* [What you are asked to do]
Reproduce the records below exactly from their first line through the line containing "Хочу заменить его", omitting all pictures.

Segment Start: Data shown

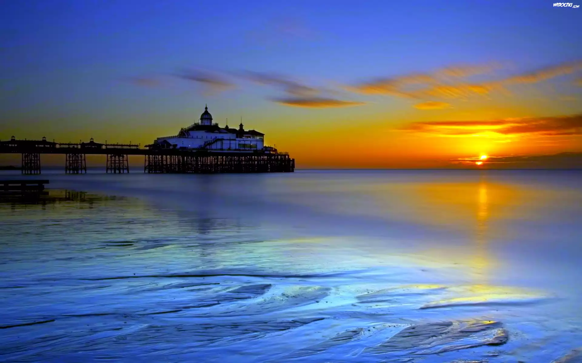 Morze, Plaża, Molo, Dom, Zachód, Słońca
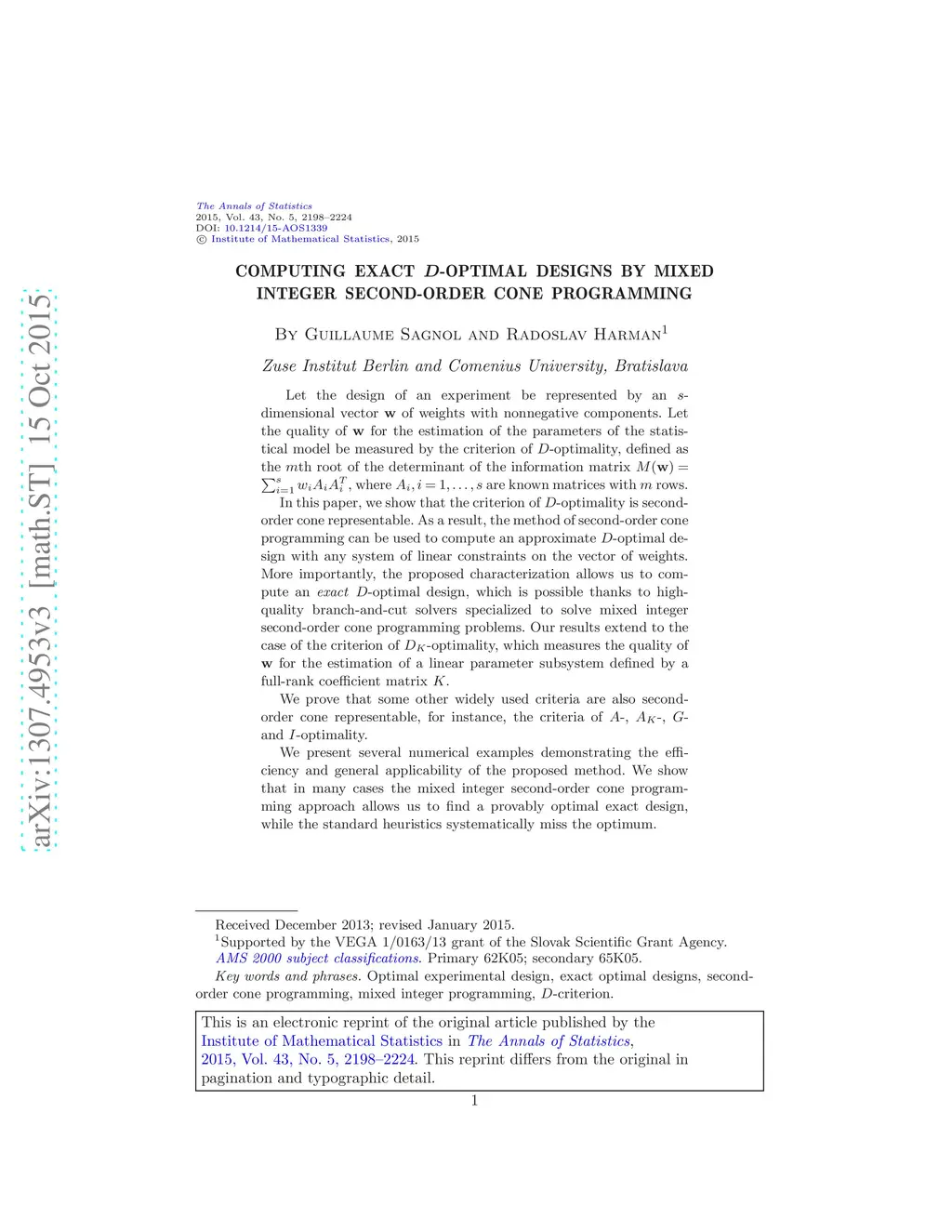 Let the design of an experiment be represented by an -dimensional vector of weights with nonnegative components. Let the quality of for the estimation of the parameters of the statistical model be measured by the criterion of -optimality, defined as the th root of the determinant of the information matrix , where are known matrices with rows. In this paper, we show that the criterion of -optimality is second-order cone representable. As a result, the method of second-order cone programming can be used to compute an approximate -optimal design with any system of linear constraints on the vector of weights. More importantly, the proposed characterization allows us to compute an exact -optimal design, which is possible thanks to high-quality branch-and-cut solvers specialized to solve mixed integer second-order cone programming problems. Our results extend to the case of the criterion of -optimality, which measures the quality of for the estimation of a linear parameter subsystem defined by a full-rank coefficient matrix . We prove that some other widely used criteria are also second-order cone representable, for instance, the criteria of -, -, - and -optimality. We present several numerical examples demonstrating the efficiency and general applicability of the proposed method. We show that in many cases the mixed integer second-order cone programming approach allows us to find a provably optimal exact design, while the standard heuristics systematically miss the optimum.
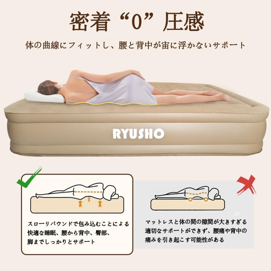 【快適なサポートと睡眠】:インフレーダブルベッドで地面から40cmの高さ衝撃を吸収する設計で多点サポートによる圧力分散を実現。体の曲線にフィットし、スローリバウンド機能により、体を優しく包み込み、静かな睡眠環境を提供し、アウトドアでの体験をより快適にします。
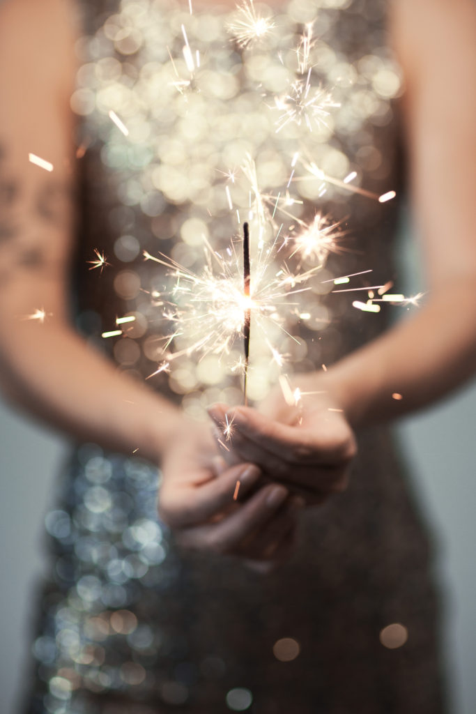 woman in glitter dress holding sparkler, close up hands, romantic look, can be used as background
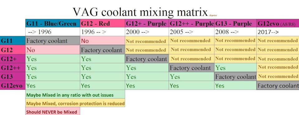 Хочу заменить его на оригинальный антифриз G12 от VAG, но на текущий момент производится только G12 evo (как я понял из чтения разных форумов, он является заменой G13).
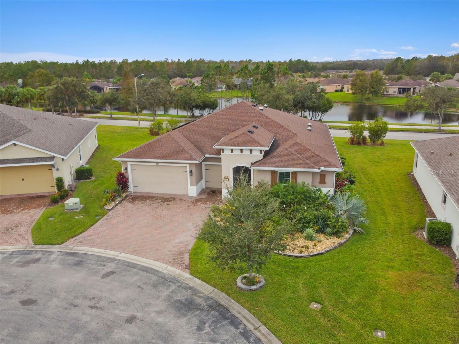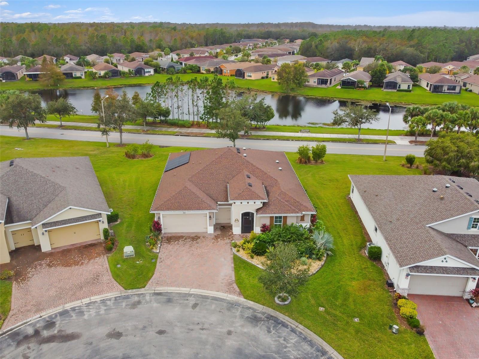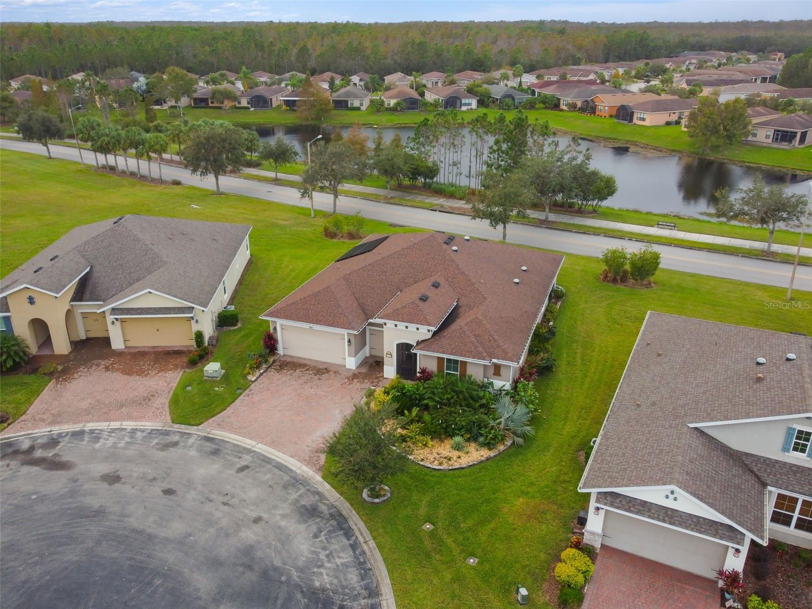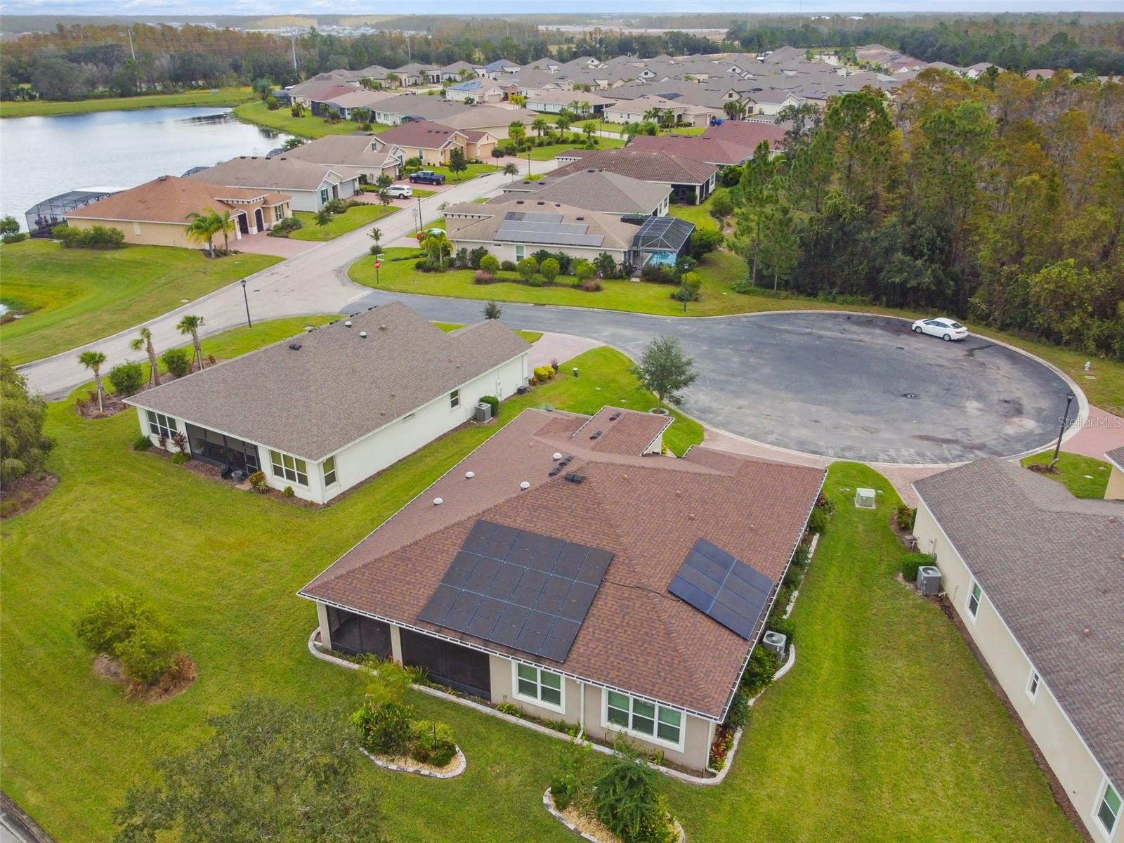 HUGE PRICE REDUCTION! Welcome to this exquisite 2020 Siena Model home, perfectly situated on a serene cul-de-sac, offering both privacy and tranquility. This stunning residence features custom landscaping that enhances its curb appeal and provides a picturesque water view that adds to the overall charm. The Paid SOLAR PANELS keep your power bills below $30 per month. Inside, you will find a spacious 3-bedroom, 2.5-bathroom layout, complemented by a versatile den/study that can easily adapt to your lifestyle needs, whether as a home office, craft room, or reading nook. The open concept design creates a seamless flow between the living spaces, making it ideal for both everyday living and entertaining guests. As you enter, you are greeted by a screened front entryway adorned with a beautiful leaded glass door, welcoming you into a bright and airy great room. This inviting space features a stunning tray ceiling and strategically placed solar tubes that allow natural light to flood the area, creating a warm and welcoming atmosphere. The gourmet kitchen is a true highlight of the home, perfect for culinary enthusiasts. It boasts an eat-at bar, elegant granite countertops, and a stylish tile backsplash that catches the eye. The kitchen is equipped with a high-quality stove top, a double oven for all your baking needs, and a generously sized walk-in pantry that provides ample storage space. Retreat to the extra-large primary bedroom, where comfort meets elegance. This sanctuary features a lighted crown molding feature that adds a touch of sophistication, along with two spacious walk-in closets to accommodate your wardrobe. The primary bathroom is equally impressive, offering a large shower and double sinks, providing both luxury and convenience. The home includes two additional guest bedrooms, each with walk-in closets, ensuring that family and friends have plenty of space for their belongings. A thoughtfully designed laundry room adds to the home's functionality, complete with custom cabinets and a sink, making laundry day a breeze. For those who enjoy outdoor living, the 2-car garage comes with an additional golf cart garage, providing plenty of storage for your vehicles and recreational equipment. Step outside to the screened lanai, where you can relax and unwind while taking in the breathtaking sunset views. This outdoor space is perfect for morning coffees or evening gatherings, allowing you to connect with nature right from your home. An added bonus of this remarkable property is its energy efficiency. The Solar Panels keep your power bills below $30 per month. This not only contributes to significant savings but this home qualifies for NEW HOME insurance discounts, making it a smart investment for the future. All this in one of the top 55+ communities in America. Solovita offers residents access to state of the art amenities and work out facilities, dance and aerobics studios, a business center, 14 heated swimming pools, 2 heated spas, tennis courts, pickleball courts, shuffleboard, bocce ball, billiards room, art gallery, 3 restaurants and 2 championship 18-hole golf courses, driving range and putting course. Don't miss out on the opportunity to have a first class lifestyle. Check out the Matterport 3D Tour link

Segment End: Data shown

* [Result for this exercise]
 Morze, Plaża, Molo, Dom, Zachód, Słońca
 Let the design of an experiment be represented by an -dimensional vector of weights with nonnegative components. Let the quality of for the estimation of the parameters of the statistical model be measured by the criterion of -optimality, defined as the th root of the determinant of the information matrix , where are known matrices with rows. In this paper, we show that the criterion of -optimality is second-order cone representable. As a result, the method of second-order cone programming can be used to compute an approximate -optimal design with any system of linear constraints on the vector of weights. More importantly, the proposed characterization allows us to compute an exact -optimal design, which is possible thanks to high-quality branch-and-cut solvers specialized to solve mixed integer second-order cone programming problems. Our results extend to the case of the criterion of -optimality, which measures the quality of for the estimation of a linear parameter subsystem defined by a full-rank coefficient matrix . We prove that some other widely used criteria are also second-order cone representable, for instance, the criteria of -, -, - and -optimality. We present several numerical examples demonstrating the efficiency and general applicability of the proposed method. We show that in many cases the mixed integer second-order cone programming approach allows us to find a provably optimal exact design, while the standard heuristics systematically miss the optimum.
 【快適なサポートと睡眠】:インフレーダブルベッドで地面から40cmの高さ衝撃を吸収する設計で多点サポートによる圧力分散を実現。体の曲線にフィットし、スローリバウンド機能により、体を優しく包み込み、静かな睡眠環境を提供し、アウトドアでの体験をより快適にします。
 woman in glitter dress holding sparkler, close up hands, romantic look, can be used as background
 Хочу заменить его на оригинальный антифриз G12 от VAG, но на текущий момент производится только G12 evo (как я понял из чтения разных форумов, он является заменой G13).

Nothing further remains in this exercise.